**PROBLEM TO WORK ON:** Every entry that follows must be written out exactly, apart from its pictures.
··· DATA FOR REVIEW ···
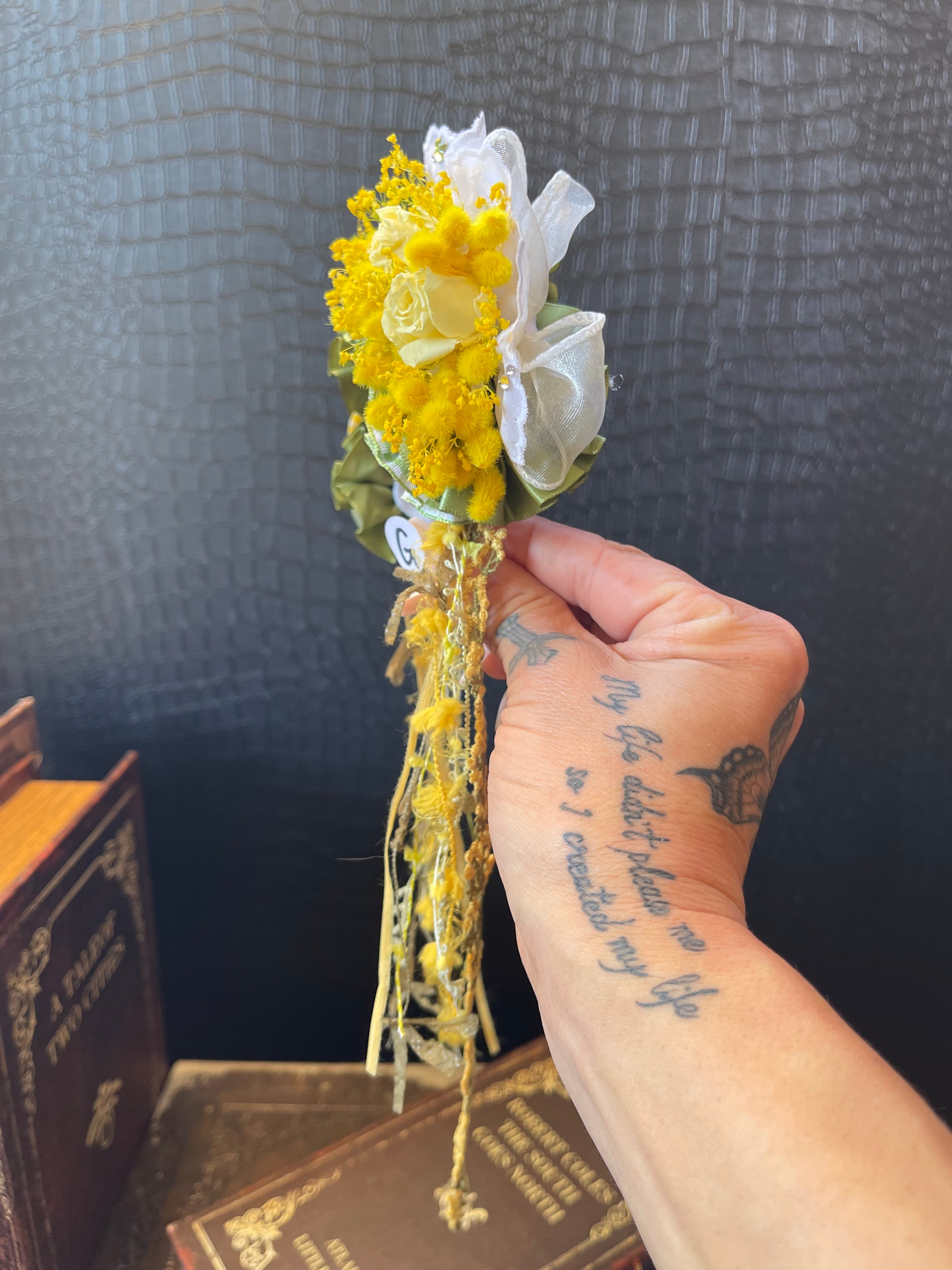 ミモザイエローに合うモスグリーンを背景に
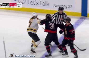 Mark Kastelic vs Zack Ostapchuk du jeu Boston Bruins at Ottawa Senators le 18 janvier 2025. Via https://www.hockeyfights.com
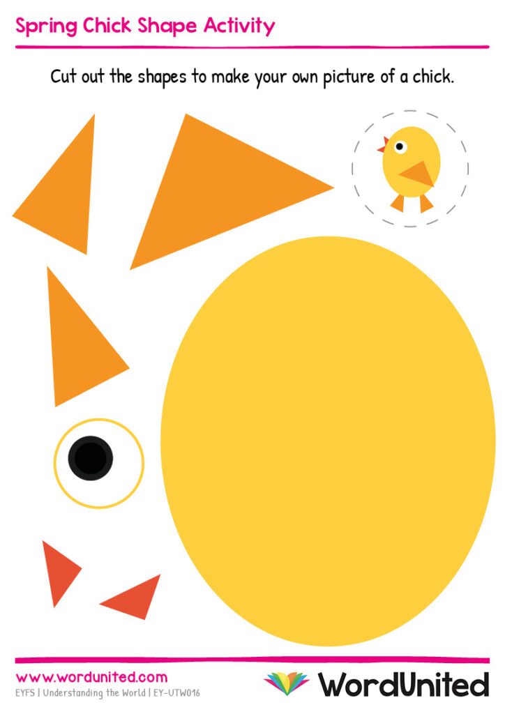 Create your own Spring chick with this cut and stick activity! Little hands can develop fine motor skills and hand-eye coordination as they carefully cut out the different piece to make a chick. Supports the following areas of learning within the Early Years Foundation Stage: Understanding the World.
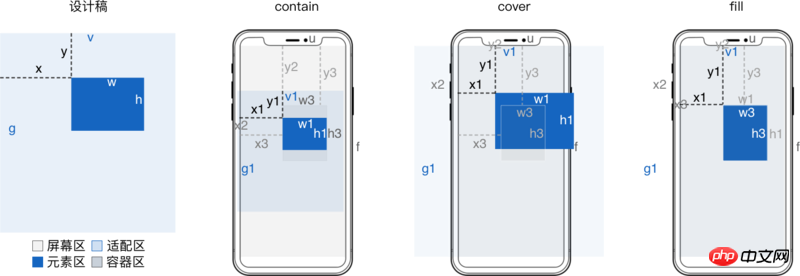 background-size值为contain时对应 contain 适配。background-size值为cover时对应 cover 适配。background-size值为100% 100%时对应 `fill 适配。background-position百分比和op意义相同
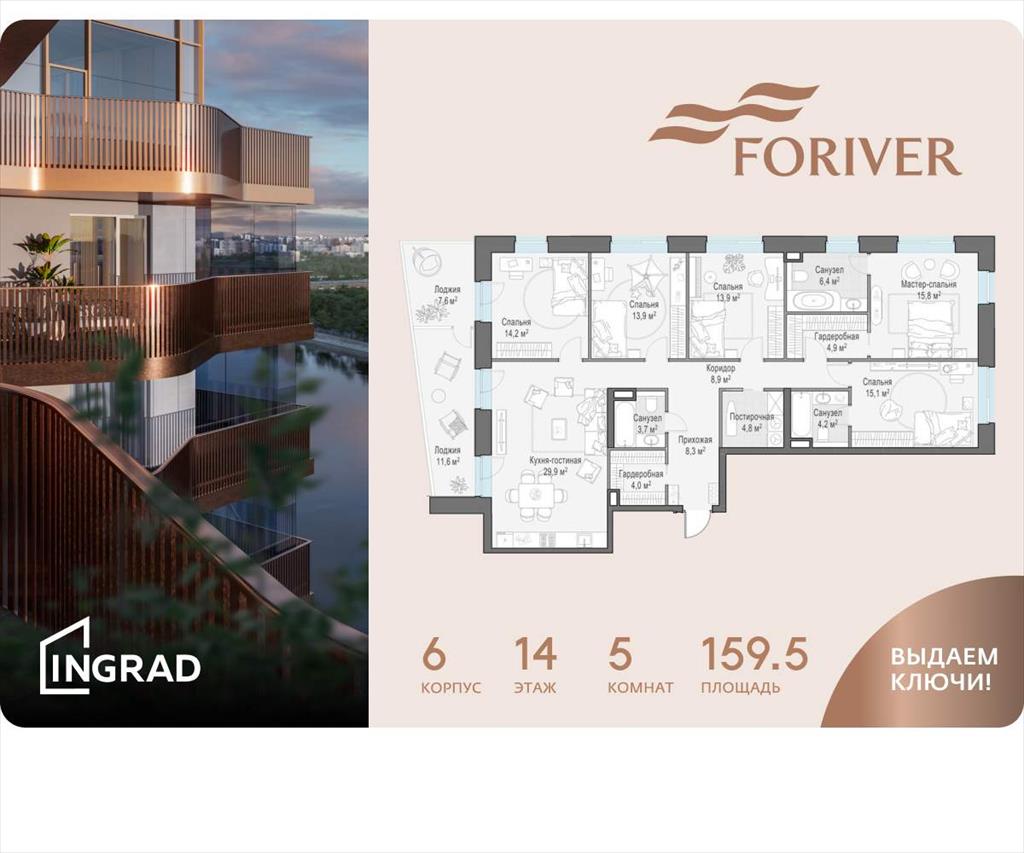 общая 159,5 м2, жилая 72,9 м2, кухни 15,7 м2 |
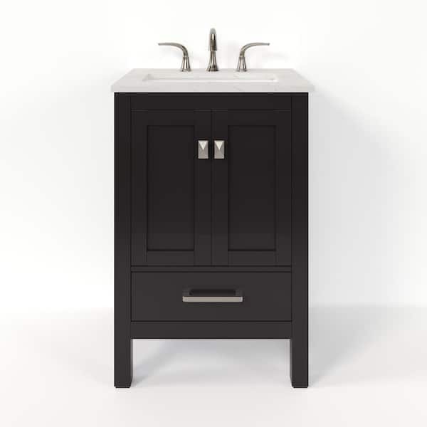 Aberdeen 24 in. Single Sink Espresso Bath Vanity with White Carrara Quartz Top (Assembled)
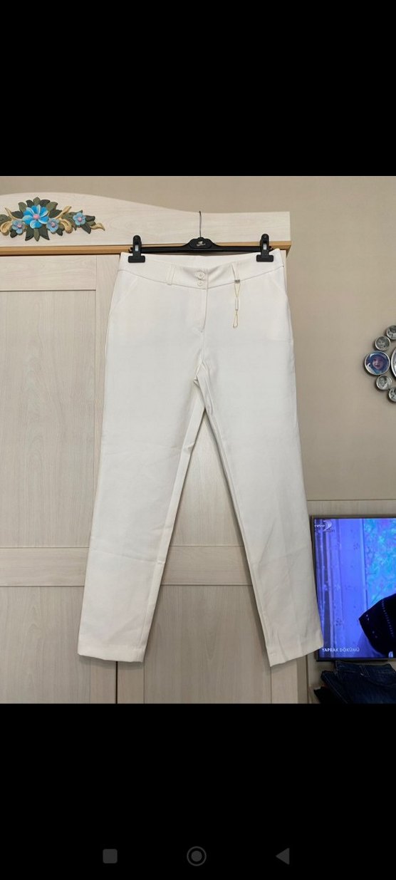 Beyaz midi uzunlukta kumaş pantolon, regular fit kesim ve kemerli bel detayına sahiptir. Pürüzsüz sentetik kumaştan üretilmiş, ofis için uygun, sokak stiline uygun rahat bir modeldir.
···
**REPLY TO THE EXERCISE:**
 ミモザイエローに合うモスグリーンを背景に
 Mark Kastelic vs Zack Ostapchuk du jeu Boston Bruins at Ottawa Senators le 18 janvier 2025. Via https://www.hockeyfights.com
 Create your own Spring chick with this cut and stick activity! Little hands can develop fine motor skills and hand-eye coordination as they carefully cut out the different piece to make a chick. Supports the following areas of learning within the Early Years Foundation Stage: Understanding the World.
 background-size值为contain时对应 contain 适配。background-size值为cover时对应 cover 适配。background-size值为100% 100%时对应 `fill 适配。background-position百分比和op意义相同
 общая 159,5 м2, жилая 72,9 м2, кухни 15,7 м2 |
 Aberdeen 24 in. Single Sink Espresso Bath Vanity with White Carrara Quartz Top (Assembled)
 Beyaz midi uzunlukta kumaş pantolon, regular fit kesim ve kemerli bel detayına sahiptir. Pürüzsüz sentetik kumaştan üretilmiş, ofis için uygun, sokak stiline uygun rahat bir modeldir.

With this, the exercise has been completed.